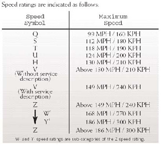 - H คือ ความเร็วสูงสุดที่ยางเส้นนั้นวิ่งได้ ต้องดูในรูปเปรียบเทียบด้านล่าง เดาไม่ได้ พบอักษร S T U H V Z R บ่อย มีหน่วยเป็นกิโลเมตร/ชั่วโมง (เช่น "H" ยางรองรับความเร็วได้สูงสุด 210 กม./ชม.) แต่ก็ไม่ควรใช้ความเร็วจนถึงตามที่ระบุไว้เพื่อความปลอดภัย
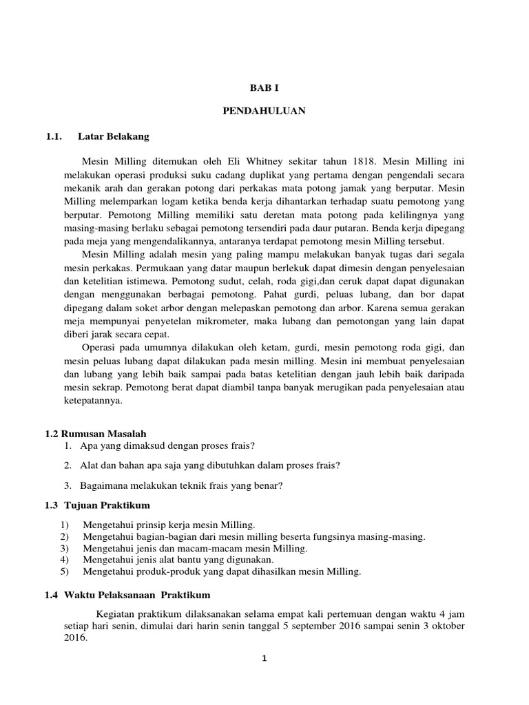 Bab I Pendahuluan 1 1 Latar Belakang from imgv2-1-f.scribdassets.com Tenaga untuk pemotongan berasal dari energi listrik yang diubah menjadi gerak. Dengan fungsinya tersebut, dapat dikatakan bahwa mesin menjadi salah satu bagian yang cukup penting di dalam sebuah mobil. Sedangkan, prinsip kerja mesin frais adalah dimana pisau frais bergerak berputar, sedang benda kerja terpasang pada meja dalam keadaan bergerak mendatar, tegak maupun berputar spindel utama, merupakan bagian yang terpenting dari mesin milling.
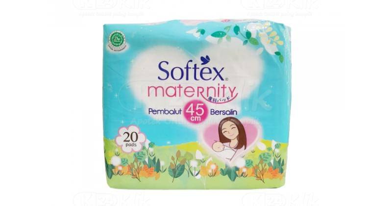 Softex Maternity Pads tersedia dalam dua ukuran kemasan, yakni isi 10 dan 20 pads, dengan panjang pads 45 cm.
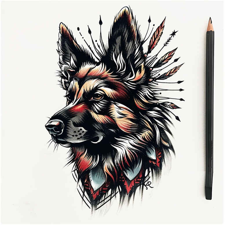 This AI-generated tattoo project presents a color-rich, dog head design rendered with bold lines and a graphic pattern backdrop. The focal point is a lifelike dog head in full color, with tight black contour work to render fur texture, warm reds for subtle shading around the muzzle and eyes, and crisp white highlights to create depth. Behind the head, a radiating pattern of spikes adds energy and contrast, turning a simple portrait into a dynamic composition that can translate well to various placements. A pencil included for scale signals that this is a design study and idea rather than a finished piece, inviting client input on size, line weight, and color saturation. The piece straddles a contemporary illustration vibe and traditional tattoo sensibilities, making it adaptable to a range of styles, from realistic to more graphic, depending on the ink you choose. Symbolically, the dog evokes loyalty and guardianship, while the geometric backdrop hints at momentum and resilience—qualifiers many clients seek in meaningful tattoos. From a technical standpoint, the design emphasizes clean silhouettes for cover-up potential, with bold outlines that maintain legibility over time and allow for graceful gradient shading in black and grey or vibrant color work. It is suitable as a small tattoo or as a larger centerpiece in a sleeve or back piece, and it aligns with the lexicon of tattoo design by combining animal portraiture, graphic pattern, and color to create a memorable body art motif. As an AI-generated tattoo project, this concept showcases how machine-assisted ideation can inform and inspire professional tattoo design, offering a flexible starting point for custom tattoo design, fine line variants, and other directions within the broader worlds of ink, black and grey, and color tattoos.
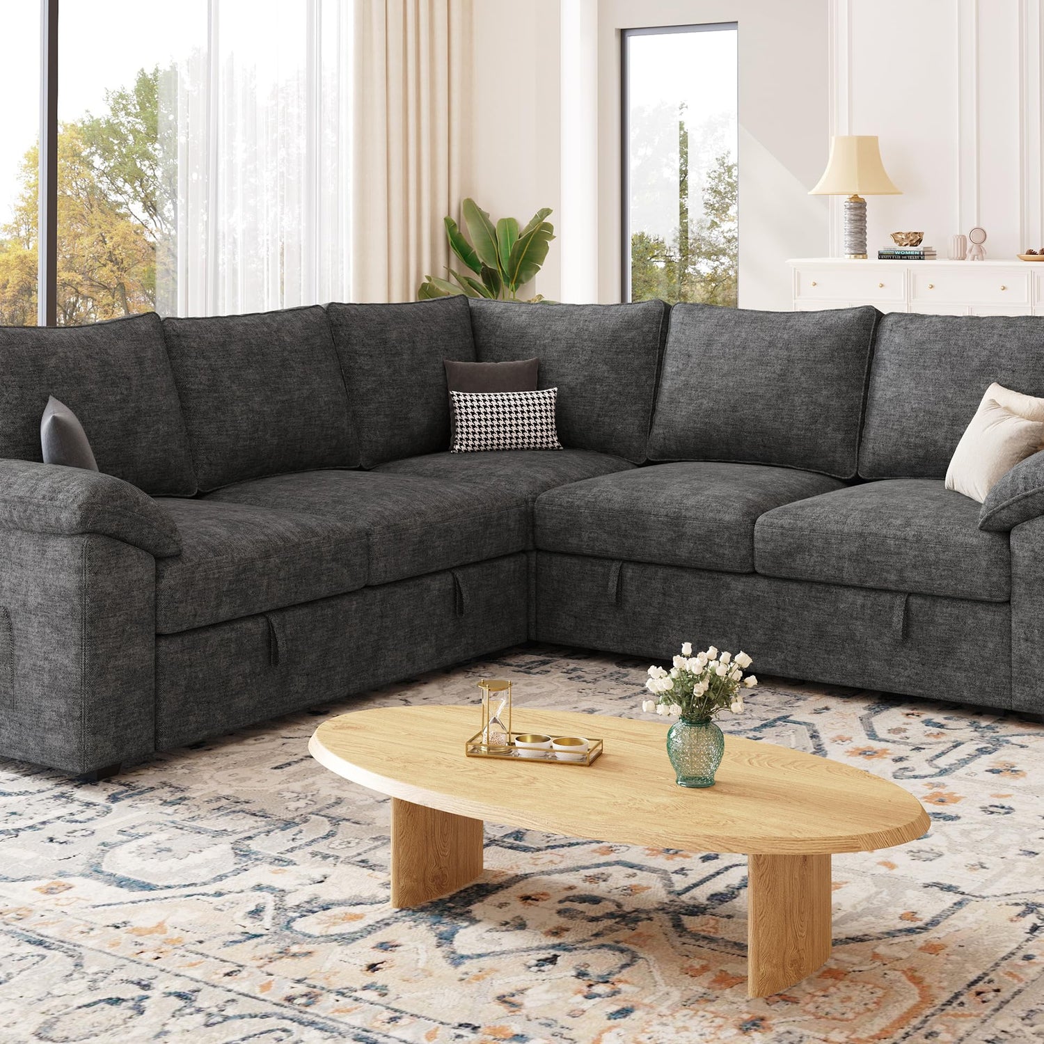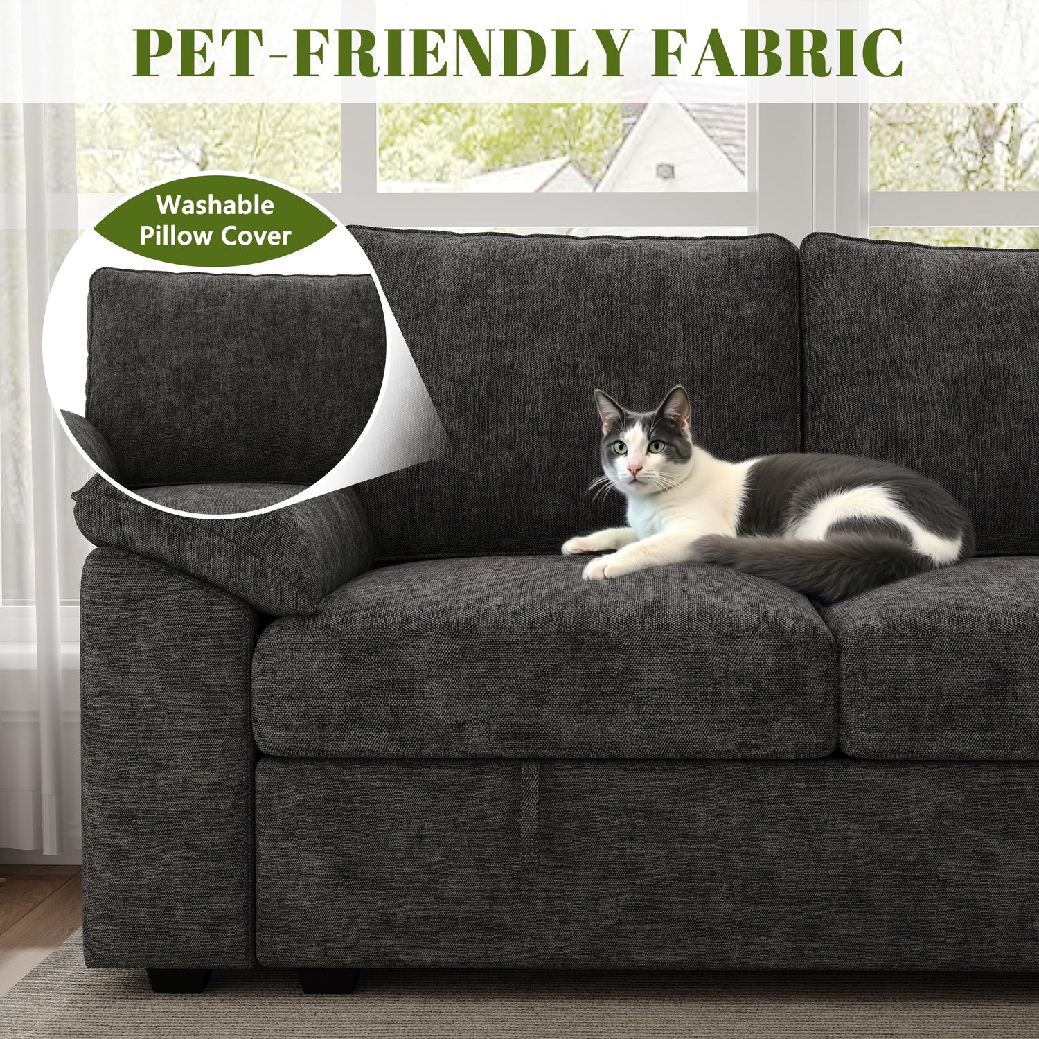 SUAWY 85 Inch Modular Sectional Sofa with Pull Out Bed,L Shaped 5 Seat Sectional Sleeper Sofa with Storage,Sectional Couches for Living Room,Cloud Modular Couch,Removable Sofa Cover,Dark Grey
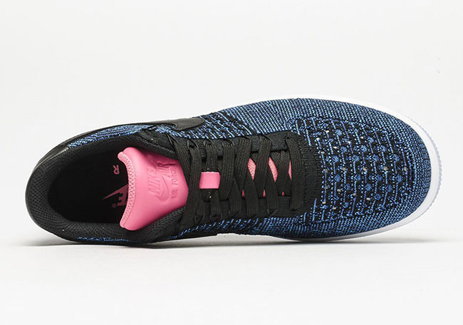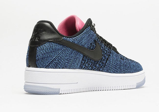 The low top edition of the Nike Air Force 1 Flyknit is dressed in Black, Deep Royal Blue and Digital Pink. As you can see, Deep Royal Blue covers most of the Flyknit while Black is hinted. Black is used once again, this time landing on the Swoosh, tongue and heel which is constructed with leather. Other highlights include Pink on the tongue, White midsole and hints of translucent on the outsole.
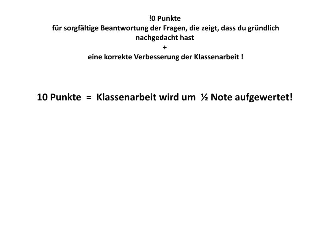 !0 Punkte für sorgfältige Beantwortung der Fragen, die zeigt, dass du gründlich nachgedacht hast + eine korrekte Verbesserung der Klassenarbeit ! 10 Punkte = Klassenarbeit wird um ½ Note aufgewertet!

------------------------

AIM OF THE TASK: If a line comes after the line with "Softex Maternity Pads", it stays out; print exactly every line from the start of the entries up to and including that line, but no pictures.

TASK RESPONSE:
 - H คือ ความเร็วสูงสุดที่ยางเส้นนั้นวิ่งได้ ต้องดูในรูปเปรียบเทียบด้านล่าง เดาไม่ได้ พบอักษร S T U H V Z R บ่อย มีหน่วยเป็นกิโลเมตร/ชั่วโมง (เช่น "H" ยางรองรับความเร็วได้สูงสุด 210 กม./ชม.) แต่ก็ไม่ควรใช้ความเร็วจนถึงตามที่ระบุไว้เพื่อความปลอดภัย
 Bab I Pendahuluan 1 1 Latar Belakang from imgv2-1-f.scribdassets.com Tenaga untuk pemotongan berasal dari energi listrik yang diubah menjadi gerak. Dengan fungsinya tersebut, dapat dikatakan bahwa mesin menjadi salah satu bagian yang cukup penting di dalam sebuah mobil. Sedangkan, prinsip kerja mesin frais adalah dimana pisau frais bergerak berputar, sedang benda kerja terpasang pada meja dalam keadaan bergerak mendatar, tegak maupun berputar spindel utama, merupakan bagian yang terpenting dari mesin milling.
 Softex Maternity Pads tersedia dalam dua ukuran kemasan, yakni isi 10 dan 20 pads, dengan panjang pads 45 cm.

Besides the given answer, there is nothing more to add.